Agent Ann Hamlin, a drug chemist with the State Bureau of Investigation, and Sergeant Chris Hutchins of the Cleveland County Sheriff’s Office, entered Defendant’s house on 3 March 2006 and participated in the search. Agent Hamlin found items in Defendant’s house that she felt were consistent with the manufacture of controlled substances. She found powder inside folded filter paper, which she opined to be pseudoephedrine. Agent Hamlin found inside another filter paper a substance that she believed to be methamphetamine and pseudoephedrine. Agent Hamlin also found a gallon-sized milk jug that contained “a two layer liquid” that, after testing, Agent Hamlin testified was methamphetamine and pseudoephedrine. Agent Hamlin testified that testing revealed iodine and red phosphorous in other samples of the folded filter papers. Agent Hamlin further testified that the materials discovered at Defendant’s house could be used to manufacture methamphetamine, and it was her opinion that there was a “clandestine methamphetamine laboratory” located at the house.

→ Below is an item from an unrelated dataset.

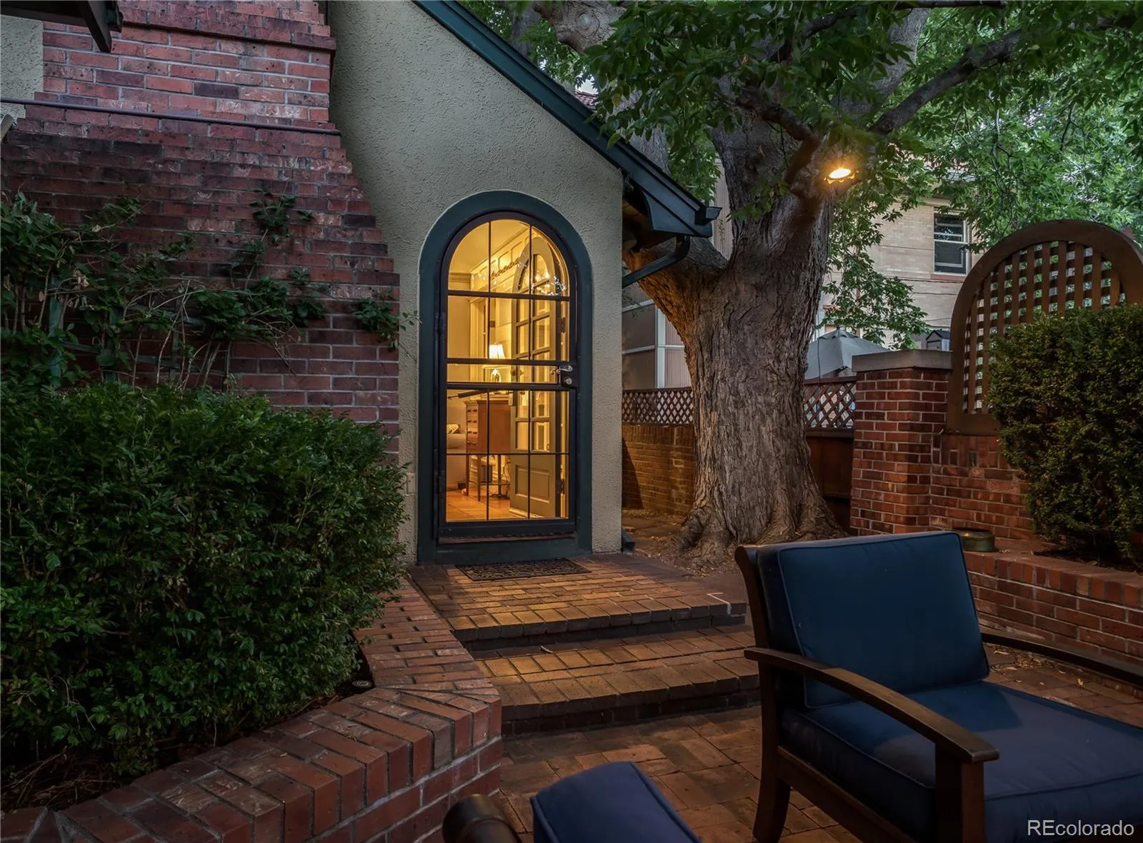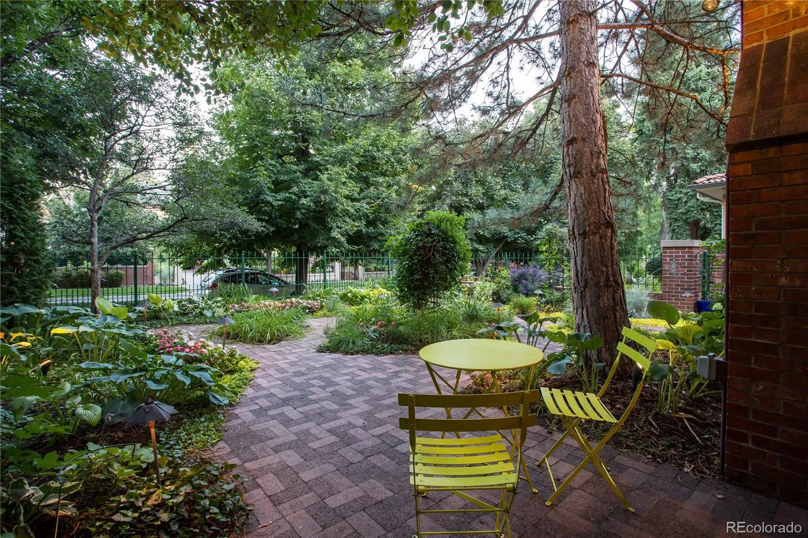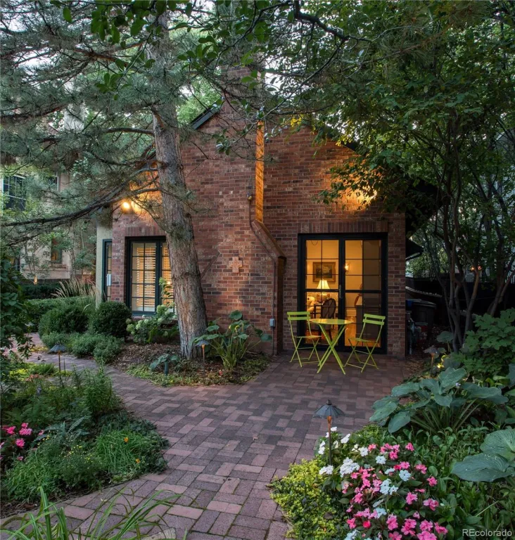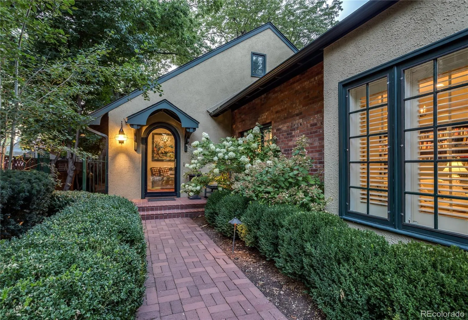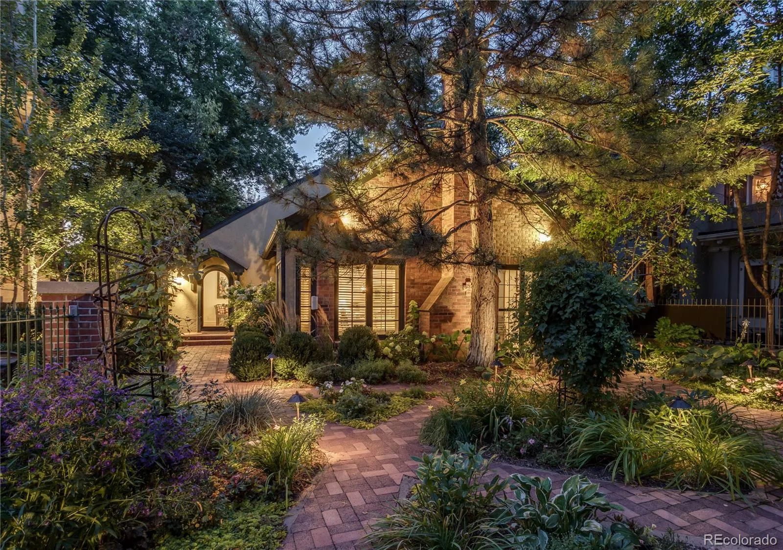 Perfectly combining the character of historic Denver with modern amenities and convenience, this one-of-a-kind residence offers indoor/outdoor Colorado living at its finest. Exquisite gardens surround this classic Country Club North home, with multiple sets of French doors to allow easy access, and the entire property is fully fenced for privacy. The entry hall welcomes you with a charming curved front door, floor-to-ceiling windows & skylight, and Saltillo floor tile. Hardwood flooring, plantation shutters & handsome fireplace adorn the sunny living room. The chef’s kitchen is highlighted by a walnut-topped island, soapstone perimeter countertops + Sub-Zero & Wolf appliances. Sky-lit, spacious dining room with gas fireplace + incredible millwork & moulding. Main floor bedroom/den includes wool carpeting, 2 closets, plantation shutters, en suite bath with skylight & walk-in closet + access to the powder room. The loft features wool carpeting, skylight & built-ins- a great space for office or den. In the primary bedroom, new hardwood floors extend into the walk-in closet, built-in storage on the west wall, and plantation shutters + skylight enhance the space. Marble en suite bath offers walk-in shower & heated floor. Saltillo floor tile is found throughout the lower level, featuring plantation shutters, laundry room, bedroom with en suite bath, spacious entertainment room & office/den with a curved single French door. Retreat and relax in the back garden, which includes an in-ground sprinkler system, updated landscape lighting, and elevated garden with mature trees and bushes that provide shade for 3 seasons. Enjoy al fresco dining on the brick patio, a beautiful space that is sheltered, private, and quiet. Heated 2-car garage offers built-in storage & direct access from the house, and the roof was replaced in 2015. This enchanting residence is a timeless classic, poised in a prime location, just moments to Cheesman Park, Botanic Gardens, Cherry Creek & Downtown.

As a result of the search of Defendant’s house, Defendant was charged with manufacturing methamphetamine and possession of [175]*175precursor chemicals. Defendant moved to suppress the evidence obtained during the search of his home on the grounds that the search warrant was obtained illegally. Following the suppression hearing, Defendant’s motion was denied and trial proceeded. Defendant was found guilty of manufacturing methamphetamine and possession of precursor chemicals.

Motion to Suppress

Defendant first argues that the trial court erred by denying his motion to suppress the evidence found during the search of his house. Defendant asserts that the warrant was not supported by probable cause and was therefore defective. We disagree.

Our Court reviews a ruling on a motion to suppress to determine “whether the trial judge’s underlying findings of fact are supported by competent evidence, in which event they are conclusively binding on appeal, and whether those factual findings in turn support the judge’s ultimate conclusions of law.” State v. Cooke, 306 N.C. 132, 134, 291 S.E.2d 618, 619 (1982). “Where, however, the trial court’s findings of fact are not challenged on appeal, they are deemed to be supported by competent evidence and are binding on appeal.” State v. Roberson, 163 N.C. App. 129, 132, 592 S.E.2d 733, 735-36 (2004). We review a trial court’s conclusions of law de novo. State v. Edwards, 185 N.C. App. 701, 702, 649 S.E.2d 646, 648, disc. review denied, 362 N.C. 89, 656 S.E.2d 281 (2007).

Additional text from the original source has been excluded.